╭─ PROVIDED INFORMATION

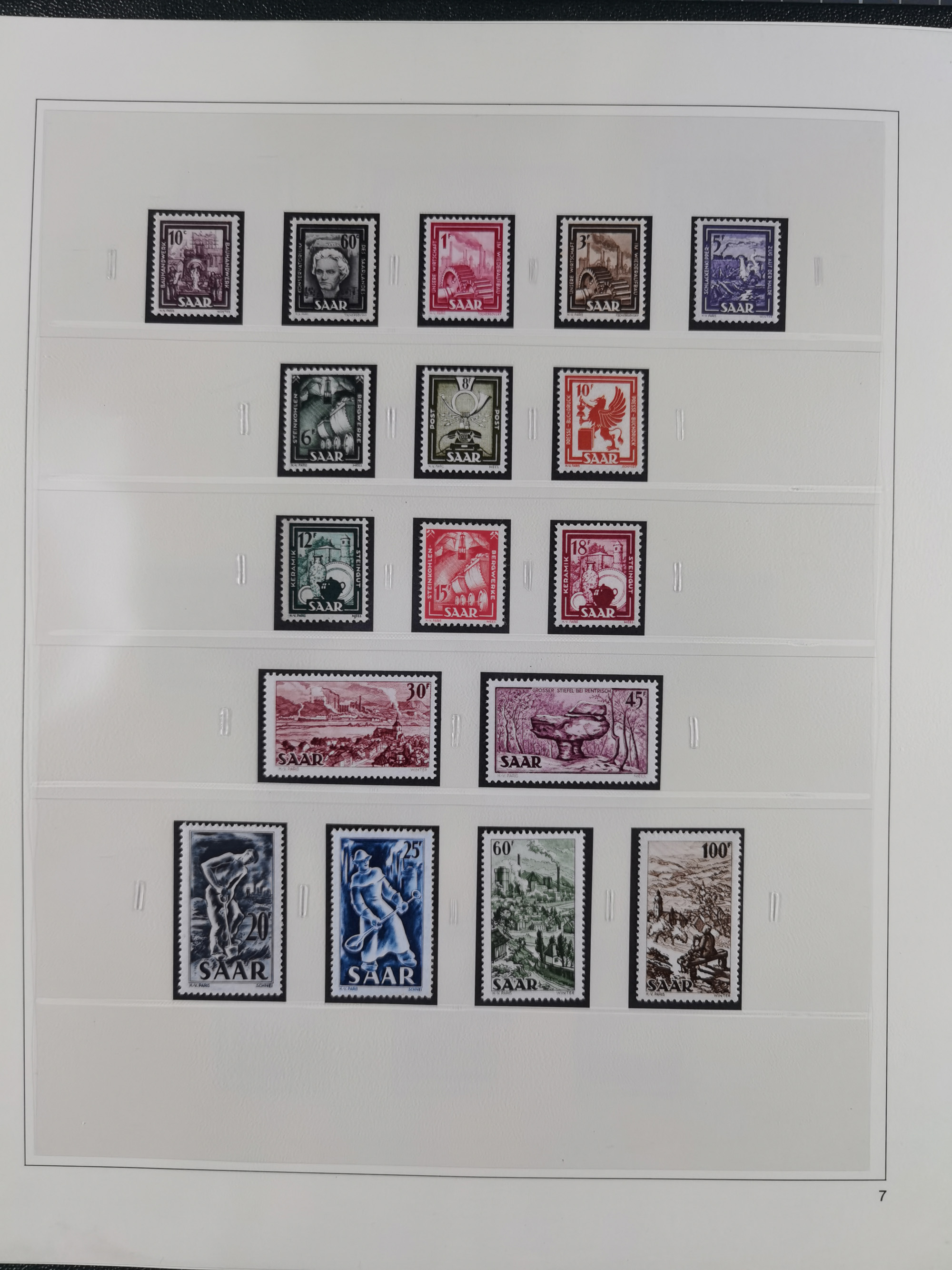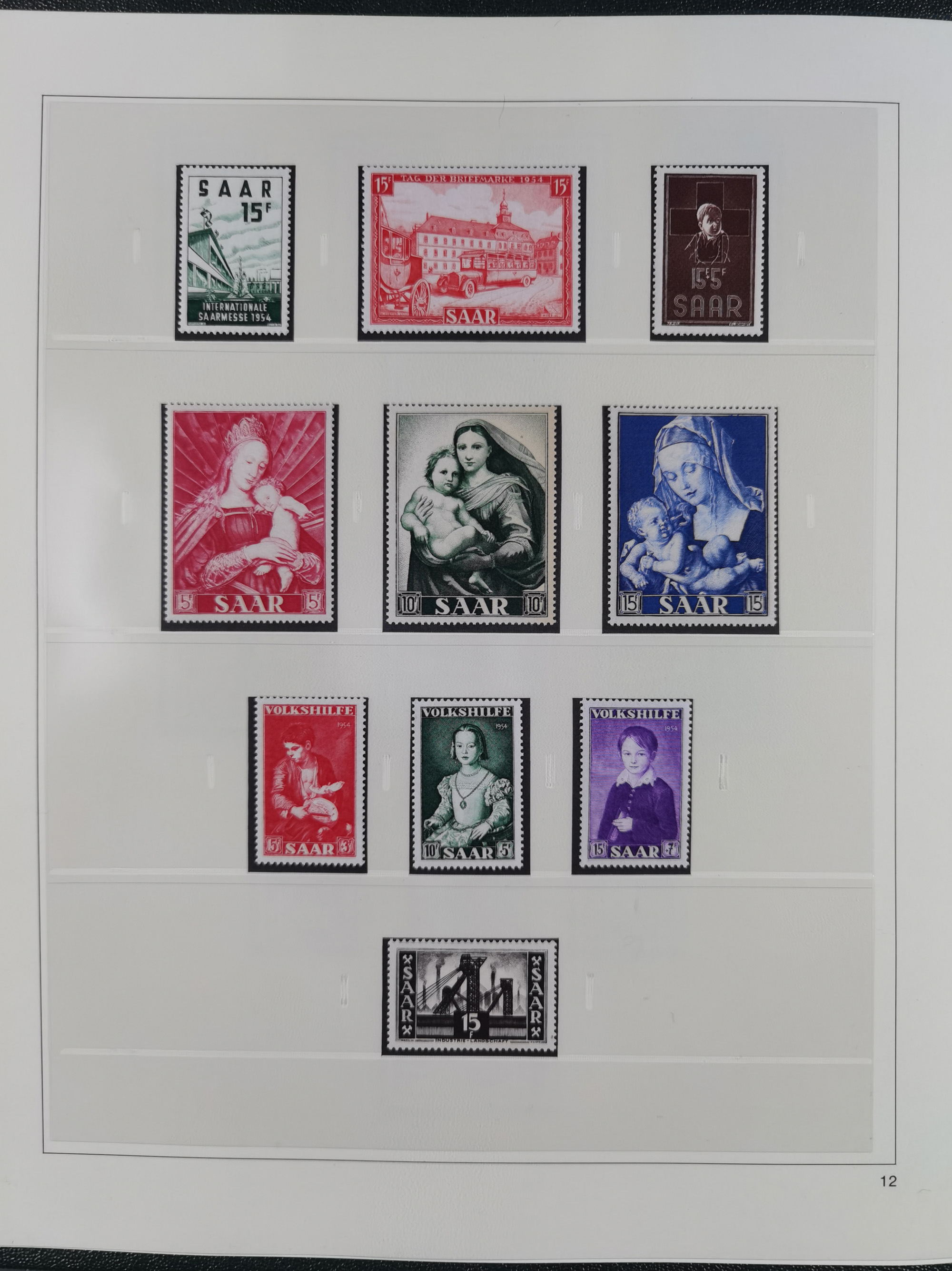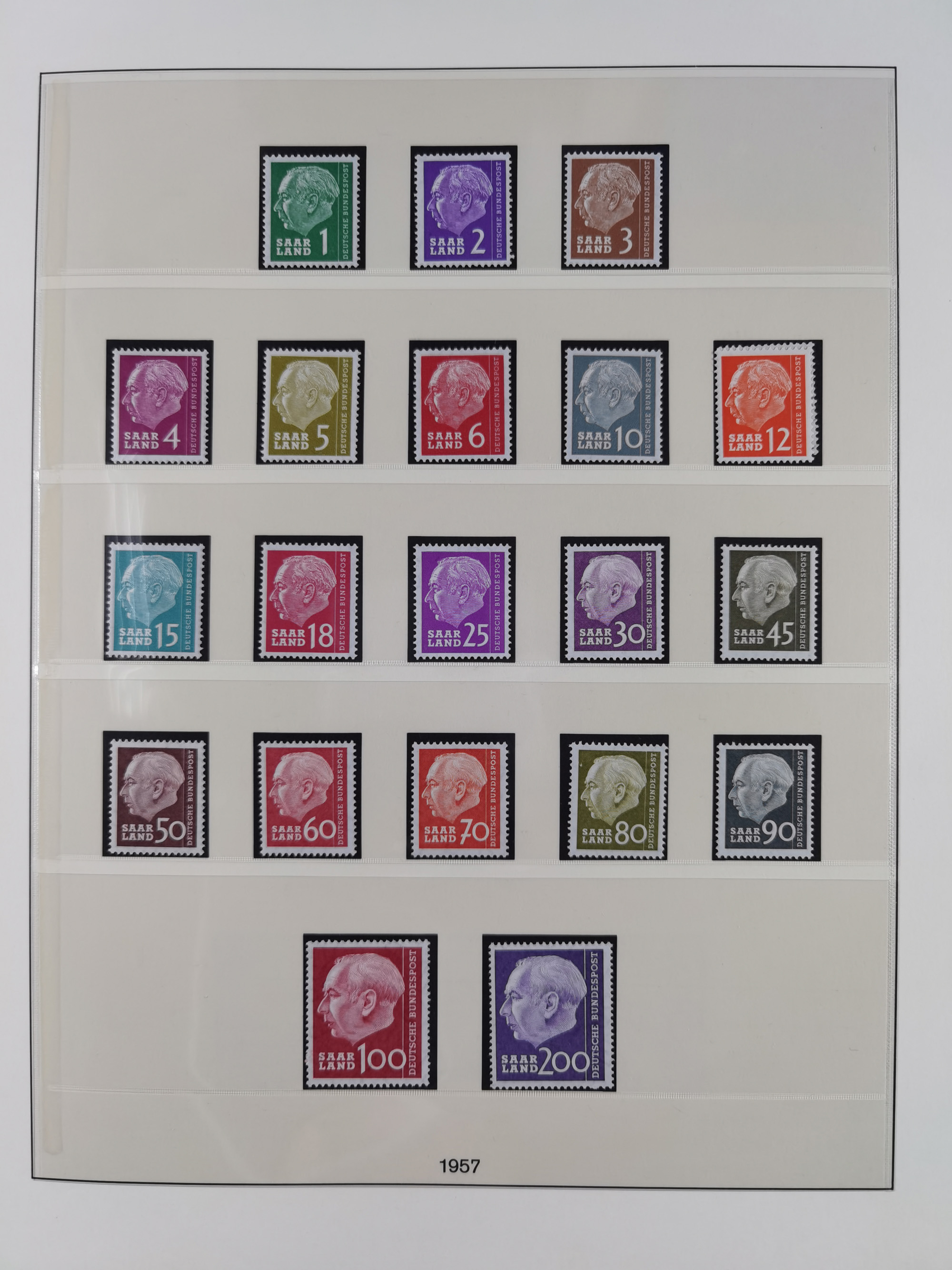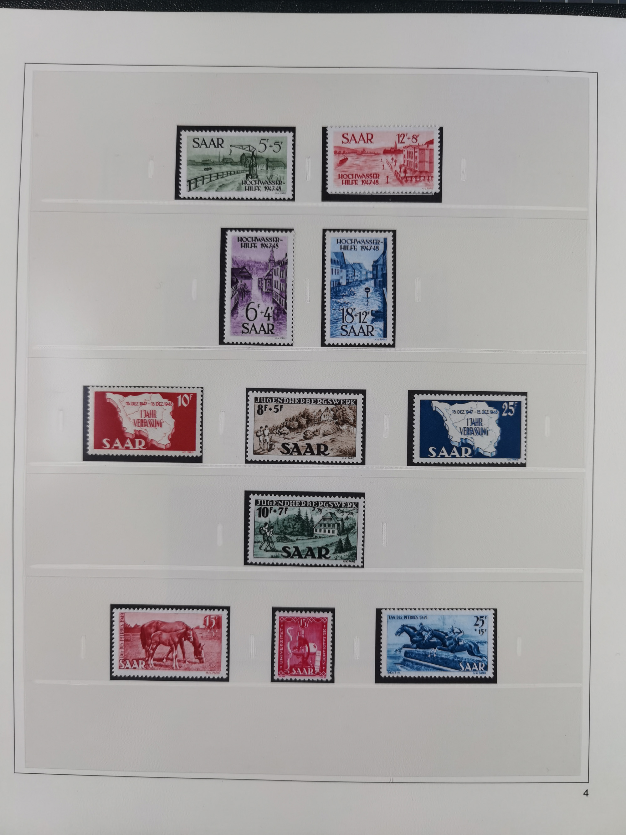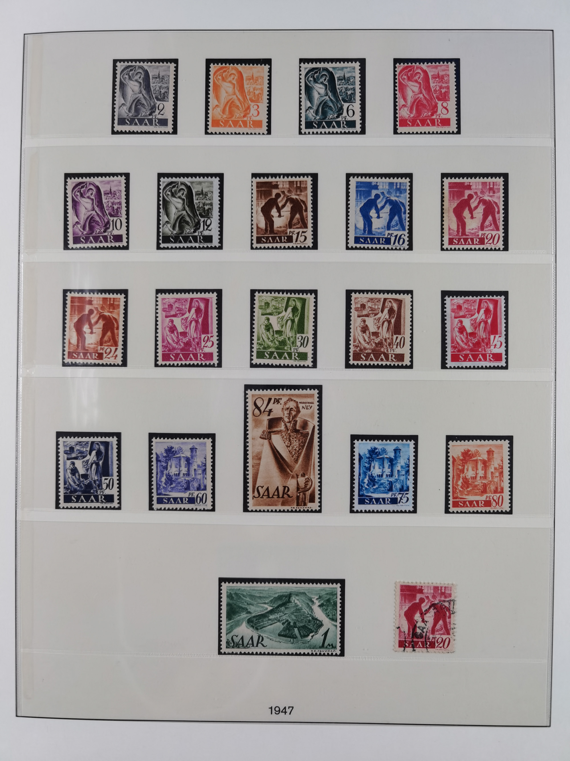 1920/59, in den Hauptnummern stark überkomplette fast ausnahmslos postfrische Sammlung inkl. Dienstmarken, dabei Mi.-Nr. 1-17, 1-17IA inkl. Farben mit 14aIA, Type II 7 Werte kpl., zusätzlich diese auch mit PF A (ohne 2aIIA), 1-17III mit 16IIIOR, 18-31 mit 30L und 31L, A31-C31 (B31 ungebraucht), ferner alle Volkshilfen inkl. Madonna mit Bogenrand, sowie Saarland mit unsigniertem Urdrucksatz, Hochwasserhilfe-Blockspaar, einigen Klbg., zusätzlich gestempelt 380-83 und 409-28 OR auf Briefstücken und MH1 postfrisch/ungebraucht (etwas fleckig), gute Erhaltung, 23 (Kurz-)Befunde und Atteste Ney, Geigle, Burger und Bernhard BPP, in zwei Vordruckalben
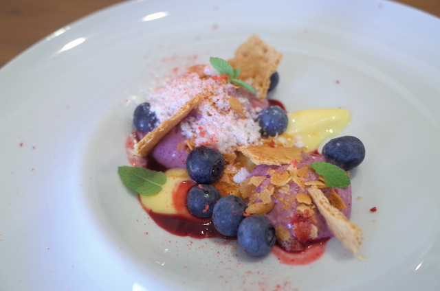デザートはブルベリーのムース。ブルーベリーも夏が旬ですもんね。コース料理の最後なのでそれほど甘くないデザート。いつもながら美味しい。
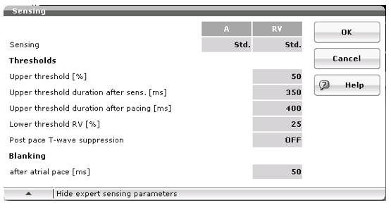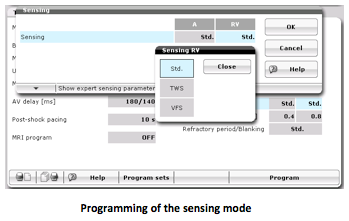 This option was introduced with the Lumax 540 model. A 2-mV sensitivity is maintained for a 300-ms period after ventricular pacing, while in the Lumax 740 model, the sensitivity is set by default at 3 mV and maintained for a 400-ms period after ventricular pacing. These settings can be changed by unlocking a code.
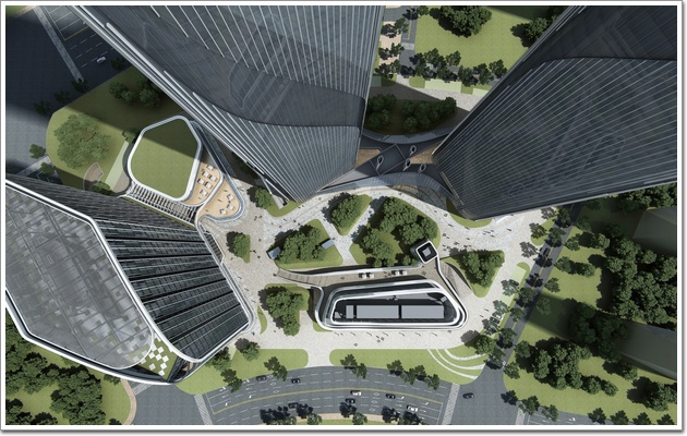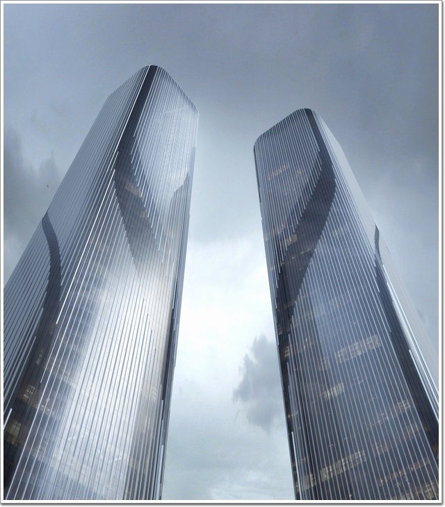 該項(xiàng)目與美國(guó)著名的結(jié)構(gòu)顧問(wèn)公司LERA合作,采用巨柱與斜向支撐的高效結(jié)構(gòu)體系,為了效率最大化以及實(shí)現(xiàn)其纖細(xì)的形態(tài)進(jìn)行結(jié)構(gòu)優(yōu)化,目的當(dāng)然是為得到美國(guó)LEED綠色建筑認(rèn)證,雙塔采用具有遮陽(yáng)功能的鋁散熱高效能玻璃幕墻,可以同時(shí)減少眩光和太陽(yáng)熱輻射。
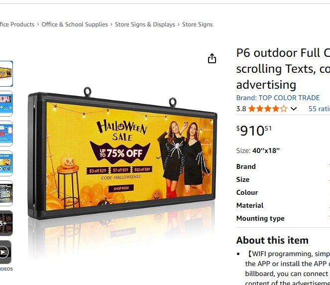 Top color trade P6 outdoor Full Color led sign with High resolution scrolling Texts - 40" x 18"
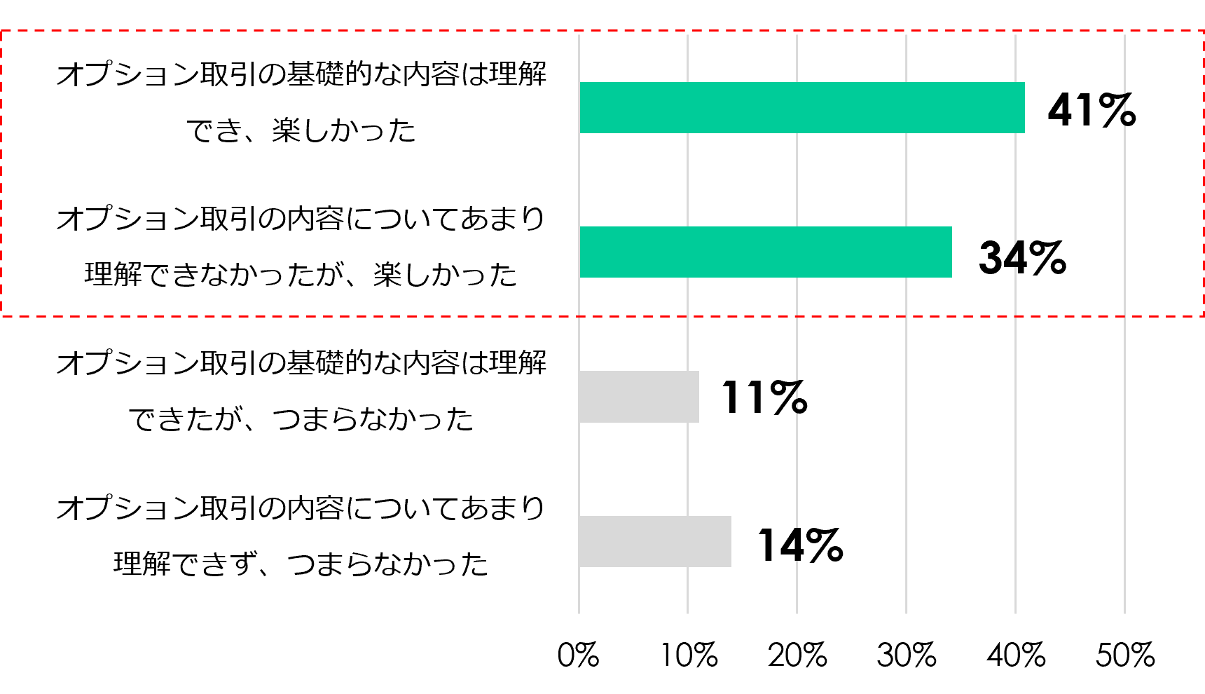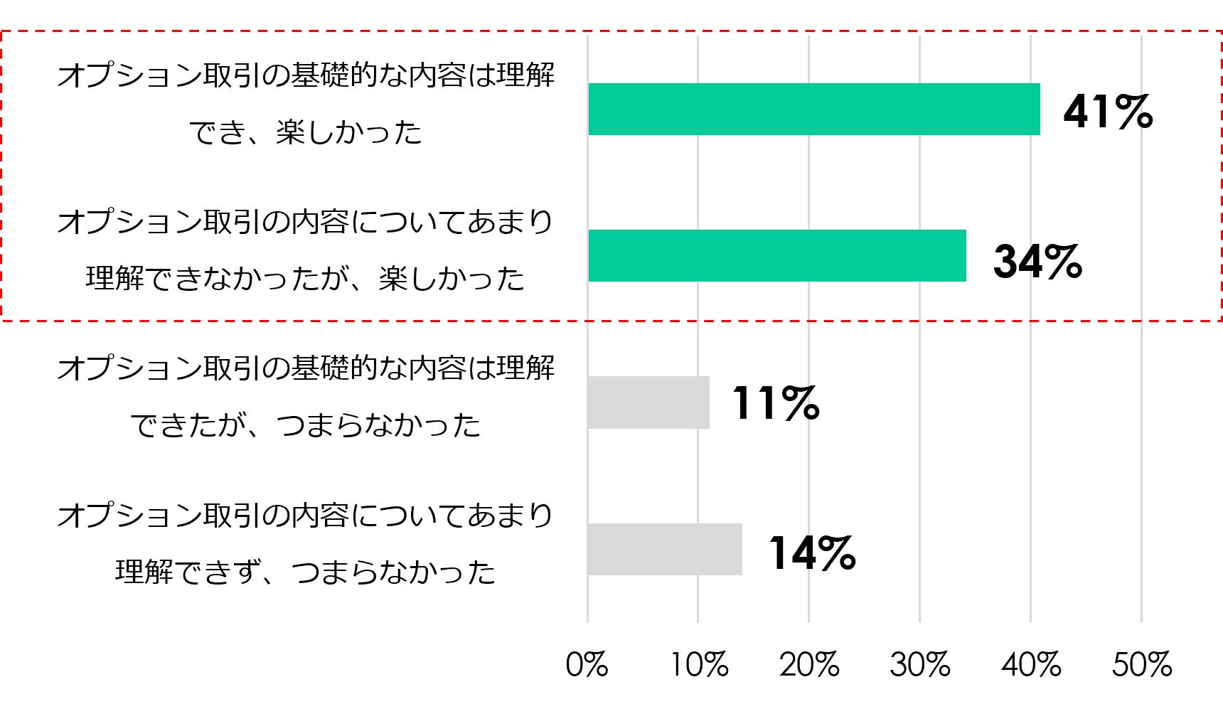 参加者の8割以上がオプション取引初体験の中、全体の5割を超える方がオプション取引に興味を持ち、取引をしてみたいと感じて頂けたのは、ポイント運用だったからこその安心感もあったのではないかと思います。
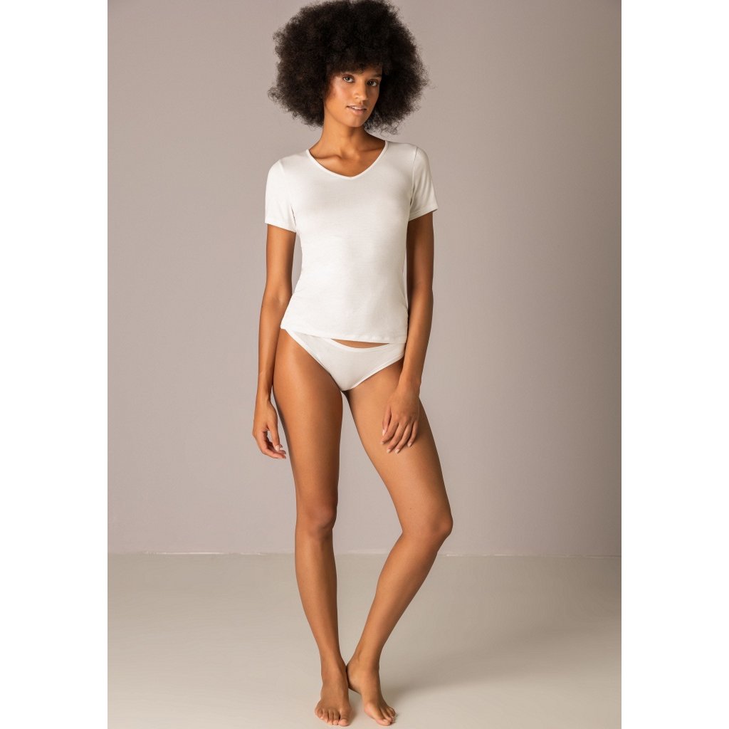 Kvalitní dámské tričko od značky Sielei. Dámské tričko s krátkým rukávem a výstřihem "V".Tričko je vyrobeno z modalu. Díky tomu je velmi měkké a příjemné na nošení. Materiál je pružný a prodyšný. Tričko má jemné, pružné švy.

╰─

Copy the entries character for character, excluding any pictures.

_SOLUTION FOR THIS PROBLEM_
 1920/59, in den Hauptnummern stark überkomplette fast ausnahmslos postfrische Sammlung inkl. Dienstmarken, dabei Mi.-Nr. 1-17, 1-17IA inkl. Farben mit 14aIA, Type II 7 Werte kpl., zusätzlich diese auch mit PF A (ohne 2aIIA), 1-17III mit 16IIIOR, 18-31 mit 30L und 31L, A31-C31 (B31 ungebraucht), ferner alle Volkshilfen inkl. Madonna mit Bogenrand, sowie Saarland mit unsigniertem Urdrucksatz, Hochwasserhilfe-Blockspaar, einigen Klbg., zusätzlich gestempelt 380-83 und 409-28 OR auf Briefstücken und MH1 postfrisch/ungebraucht (etwas fleckig), gute Erhaltung, 23 (Kurz-)Befunde und Atteste Ney, Geigle, Burger und Bernhard BPP, in zwei Vordruckalben
デザートはブルベリーのムース。ブルーベリーも夏が旬ですもんね。コース料理の最後なのでそれほど甘くないデザート。いつもながら美味しい。
 This option was introduced with the Lumax 540 model. A 2-mV sensitivity is maintained for a 300-ms period after ventricular pacing, while in the Lumax 740 model, the sensitivity is set by default at 3 mV and maintained for a 400-ms period after ventricular pacing. These settings can be changed by unlocking a code.
 該項(xiàng)目與美國(guó)著名的結(jié)構(gòu)顧問(wèn)公司LERA合作,采用巨柱與斜向支撐的高效結(jié)構(gòu)體系,為了效率最大化以及實(shí)現(xiàn)其纖細(xì)的形態(tài)進(jìn)行結(jié)構(gòu)優(yōu)化,目的當(dāng)然是為得到美國(guó)LEED綠色建筑認(rèn)證,雙塔采用具有遮陽(yáng)功能的鋁散熱高效能玻璃幕墻,可以同時(shí)減少眩光和太陽(yáng)熱輻射。
 Top color trade P6 outdoor Full Color led sign with High resolution scrolling Texts - 40" x 18"
 参加者の8割以上がオプション取引初体験の中、全体の5割を超える方がオプション取引に興味を持ち、取引をしてみたいと感じて頂けたのは、ポイント運用だったからこその安心感もあったのではないかと思います。
 Kvalitní dámské tričko od značky Sielei. Dámské tričko s krátkým rukávem a výstřihem "V".Tričko je vyrobeno z modalu. Díky tomu je velmi měkké a příjemné na nošení. Materiál je pružný a prodyšný. Tričko má jemné, pružné švy.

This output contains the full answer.